Shane Jones has a very thoughtful essay in The Paris Review about writing and fatherhood. It makes me wish he'd write another that picks up where he leaves off, and that thus deals a decisive blow to his troubled premise, that you can't do both:
One of the most popular quotations about creativity and parenthood is Cyril Connolly's: "There is no more somber enemy of good art than the pram in the hall." This aphorism, snobbish in its dismissal of human distraction, has been passed down through generations of artists as a black warning banner--Have Children, Be Creatively Screwed Forever.Jones is smart enough to identify what he's going through, and to see the folly of his admired authors who adhere to the Pram in the Hall Theory and apparently sacrifice or denigrate the raising of their kids for their work.
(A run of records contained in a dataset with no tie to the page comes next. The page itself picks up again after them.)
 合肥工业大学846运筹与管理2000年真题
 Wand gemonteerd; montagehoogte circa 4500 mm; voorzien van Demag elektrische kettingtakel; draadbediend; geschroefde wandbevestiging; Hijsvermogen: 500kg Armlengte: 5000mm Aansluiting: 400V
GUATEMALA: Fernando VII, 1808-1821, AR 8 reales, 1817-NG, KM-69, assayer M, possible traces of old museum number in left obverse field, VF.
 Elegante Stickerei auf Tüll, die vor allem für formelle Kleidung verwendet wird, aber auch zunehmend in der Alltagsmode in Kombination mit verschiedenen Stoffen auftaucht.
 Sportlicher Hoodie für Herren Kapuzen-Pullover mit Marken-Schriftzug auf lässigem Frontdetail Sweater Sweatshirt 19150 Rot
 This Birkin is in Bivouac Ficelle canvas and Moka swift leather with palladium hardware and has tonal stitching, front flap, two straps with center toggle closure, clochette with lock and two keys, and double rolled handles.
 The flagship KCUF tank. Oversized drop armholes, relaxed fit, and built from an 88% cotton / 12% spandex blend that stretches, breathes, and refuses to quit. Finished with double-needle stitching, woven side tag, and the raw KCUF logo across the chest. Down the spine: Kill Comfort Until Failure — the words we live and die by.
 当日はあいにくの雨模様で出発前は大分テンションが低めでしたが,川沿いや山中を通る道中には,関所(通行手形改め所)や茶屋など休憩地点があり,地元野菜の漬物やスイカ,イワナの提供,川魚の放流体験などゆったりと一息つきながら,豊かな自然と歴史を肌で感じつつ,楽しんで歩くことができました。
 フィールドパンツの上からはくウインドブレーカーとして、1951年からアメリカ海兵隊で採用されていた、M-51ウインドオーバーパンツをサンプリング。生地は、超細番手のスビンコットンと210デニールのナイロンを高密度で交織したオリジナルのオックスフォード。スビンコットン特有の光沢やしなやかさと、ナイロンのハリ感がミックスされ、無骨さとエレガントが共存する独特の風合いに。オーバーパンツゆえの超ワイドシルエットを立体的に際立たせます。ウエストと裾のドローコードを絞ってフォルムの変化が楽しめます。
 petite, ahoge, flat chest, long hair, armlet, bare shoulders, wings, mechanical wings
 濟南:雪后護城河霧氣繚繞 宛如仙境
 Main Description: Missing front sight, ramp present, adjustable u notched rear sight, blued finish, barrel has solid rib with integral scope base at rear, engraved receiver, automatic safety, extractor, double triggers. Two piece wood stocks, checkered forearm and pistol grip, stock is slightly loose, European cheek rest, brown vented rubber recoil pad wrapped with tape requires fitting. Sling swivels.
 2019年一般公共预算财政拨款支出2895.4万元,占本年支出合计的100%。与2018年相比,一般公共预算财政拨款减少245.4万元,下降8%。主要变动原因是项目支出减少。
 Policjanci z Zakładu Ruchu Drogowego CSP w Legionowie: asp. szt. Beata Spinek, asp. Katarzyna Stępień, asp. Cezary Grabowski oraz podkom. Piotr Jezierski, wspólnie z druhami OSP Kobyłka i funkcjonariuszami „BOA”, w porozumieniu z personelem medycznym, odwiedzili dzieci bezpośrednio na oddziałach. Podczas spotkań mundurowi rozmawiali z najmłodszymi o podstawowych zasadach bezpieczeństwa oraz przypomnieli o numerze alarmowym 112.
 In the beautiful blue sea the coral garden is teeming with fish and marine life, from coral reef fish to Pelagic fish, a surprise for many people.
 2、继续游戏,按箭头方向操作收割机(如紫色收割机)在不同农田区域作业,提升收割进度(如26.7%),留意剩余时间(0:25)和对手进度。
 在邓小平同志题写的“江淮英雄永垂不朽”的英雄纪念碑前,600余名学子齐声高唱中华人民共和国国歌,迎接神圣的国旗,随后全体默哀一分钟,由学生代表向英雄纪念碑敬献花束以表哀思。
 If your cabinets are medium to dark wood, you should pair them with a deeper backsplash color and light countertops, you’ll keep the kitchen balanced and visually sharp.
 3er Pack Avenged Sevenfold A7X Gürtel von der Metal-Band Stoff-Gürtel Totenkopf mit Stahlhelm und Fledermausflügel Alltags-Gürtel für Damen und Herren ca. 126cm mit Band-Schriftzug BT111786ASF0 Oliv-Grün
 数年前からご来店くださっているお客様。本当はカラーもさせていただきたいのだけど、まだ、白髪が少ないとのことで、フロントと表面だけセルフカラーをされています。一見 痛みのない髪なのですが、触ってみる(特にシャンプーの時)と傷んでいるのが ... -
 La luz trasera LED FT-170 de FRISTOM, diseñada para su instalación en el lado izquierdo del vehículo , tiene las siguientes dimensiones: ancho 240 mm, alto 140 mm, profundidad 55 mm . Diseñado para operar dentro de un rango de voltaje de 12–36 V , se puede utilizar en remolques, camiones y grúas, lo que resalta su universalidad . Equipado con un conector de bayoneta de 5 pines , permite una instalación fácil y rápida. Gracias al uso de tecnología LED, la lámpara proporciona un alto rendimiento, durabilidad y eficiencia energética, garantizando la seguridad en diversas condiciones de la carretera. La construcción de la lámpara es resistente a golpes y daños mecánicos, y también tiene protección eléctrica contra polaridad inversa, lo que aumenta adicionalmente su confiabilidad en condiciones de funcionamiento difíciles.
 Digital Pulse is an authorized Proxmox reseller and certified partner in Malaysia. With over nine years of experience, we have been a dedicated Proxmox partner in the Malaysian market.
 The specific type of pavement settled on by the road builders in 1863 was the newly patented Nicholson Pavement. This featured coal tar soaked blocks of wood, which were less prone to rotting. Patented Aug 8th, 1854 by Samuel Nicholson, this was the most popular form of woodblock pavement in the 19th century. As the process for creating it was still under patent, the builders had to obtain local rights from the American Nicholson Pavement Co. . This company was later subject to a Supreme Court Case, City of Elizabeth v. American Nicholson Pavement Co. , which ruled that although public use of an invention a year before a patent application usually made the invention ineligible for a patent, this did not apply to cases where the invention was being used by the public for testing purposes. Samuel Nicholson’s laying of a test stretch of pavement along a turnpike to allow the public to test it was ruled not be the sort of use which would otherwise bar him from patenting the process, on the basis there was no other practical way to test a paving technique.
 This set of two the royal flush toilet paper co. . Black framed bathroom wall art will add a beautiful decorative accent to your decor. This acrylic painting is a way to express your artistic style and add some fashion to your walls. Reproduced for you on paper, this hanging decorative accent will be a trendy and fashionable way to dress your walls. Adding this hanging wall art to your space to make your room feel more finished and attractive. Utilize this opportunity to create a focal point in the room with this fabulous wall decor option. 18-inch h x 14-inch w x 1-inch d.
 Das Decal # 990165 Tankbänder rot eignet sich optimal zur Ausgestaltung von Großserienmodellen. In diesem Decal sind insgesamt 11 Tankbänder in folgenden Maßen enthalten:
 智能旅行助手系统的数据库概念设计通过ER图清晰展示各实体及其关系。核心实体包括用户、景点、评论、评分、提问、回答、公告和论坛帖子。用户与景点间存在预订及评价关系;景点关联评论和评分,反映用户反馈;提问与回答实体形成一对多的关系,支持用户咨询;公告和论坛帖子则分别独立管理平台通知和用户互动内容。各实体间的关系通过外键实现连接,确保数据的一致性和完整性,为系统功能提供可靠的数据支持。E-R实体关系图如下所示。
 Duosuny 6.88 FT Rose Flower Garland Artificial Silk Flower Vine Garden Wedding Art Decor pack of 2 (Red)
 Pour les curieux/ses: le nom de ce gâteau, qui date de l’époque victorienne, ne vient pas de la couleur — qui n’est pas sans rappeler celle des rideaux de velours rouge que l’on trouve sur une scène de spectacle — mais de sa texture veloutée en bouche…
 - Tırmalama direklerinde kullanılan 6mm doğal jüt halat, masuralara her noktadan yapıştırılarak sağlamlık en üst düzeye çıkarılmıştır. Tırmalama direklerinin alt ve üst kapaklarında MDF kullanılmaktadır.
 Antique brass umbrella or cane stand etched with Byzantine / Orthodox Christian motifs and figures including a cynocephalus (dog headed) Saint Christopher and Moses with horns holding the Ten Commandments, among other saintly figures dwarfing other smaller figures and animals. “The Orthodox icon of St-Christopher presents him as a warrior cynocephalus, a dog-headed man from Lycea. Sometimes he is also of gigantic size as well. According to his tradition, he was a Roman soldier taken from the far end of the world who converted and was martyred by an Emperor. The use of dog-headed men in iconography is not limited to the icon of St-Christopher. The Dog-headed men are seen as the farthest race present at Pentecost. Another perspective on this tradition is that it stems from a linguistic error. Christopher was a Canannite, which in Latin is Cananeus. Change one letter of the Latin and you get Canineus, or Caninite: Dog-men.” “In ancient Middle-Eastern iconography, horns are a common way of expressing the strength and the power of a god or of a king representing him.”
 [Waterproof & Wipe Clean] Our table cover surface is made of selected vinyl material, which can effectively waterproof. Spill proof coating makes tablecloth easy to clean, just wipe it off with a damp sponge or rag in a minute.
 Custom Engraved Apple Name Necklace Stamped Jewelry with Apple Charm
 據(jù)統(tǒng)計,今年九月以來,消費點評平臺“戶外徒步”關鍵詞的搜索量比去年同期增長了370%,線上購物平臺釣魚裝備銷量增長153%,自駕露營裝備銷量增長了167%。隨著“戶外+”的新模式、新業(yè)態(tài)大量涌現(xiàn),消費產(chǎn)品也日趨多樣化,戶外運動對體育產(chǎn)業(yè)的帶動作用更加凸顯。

But while he also recognizes many writer dads who did manage to do both well--including Nabokov, who apparently kept near-totally silent about being an at-home dad--in the end, it's who's not there that surprises me.Having a child isn't easy, of course. When my son, Julian, was born sixteen months ago, I became intimately acquainted with sleep deprivation and time constraints. The third night after we'd brought him home, I remember being in bed, so mentally and physically exhausted that when I looked up at where the ceiling and the wall met, I saw the seam crack open, revealing a horizon of white light and red lava.
Jones doesn't mention any female writers at all besides Doris Lessing, who left her kids with their father. Surely there must be something to learn from the work and experience of women who have been forced by history and culture to shoulder exactly this burden. But it sounds like the thought hasn't crossed his mind yet.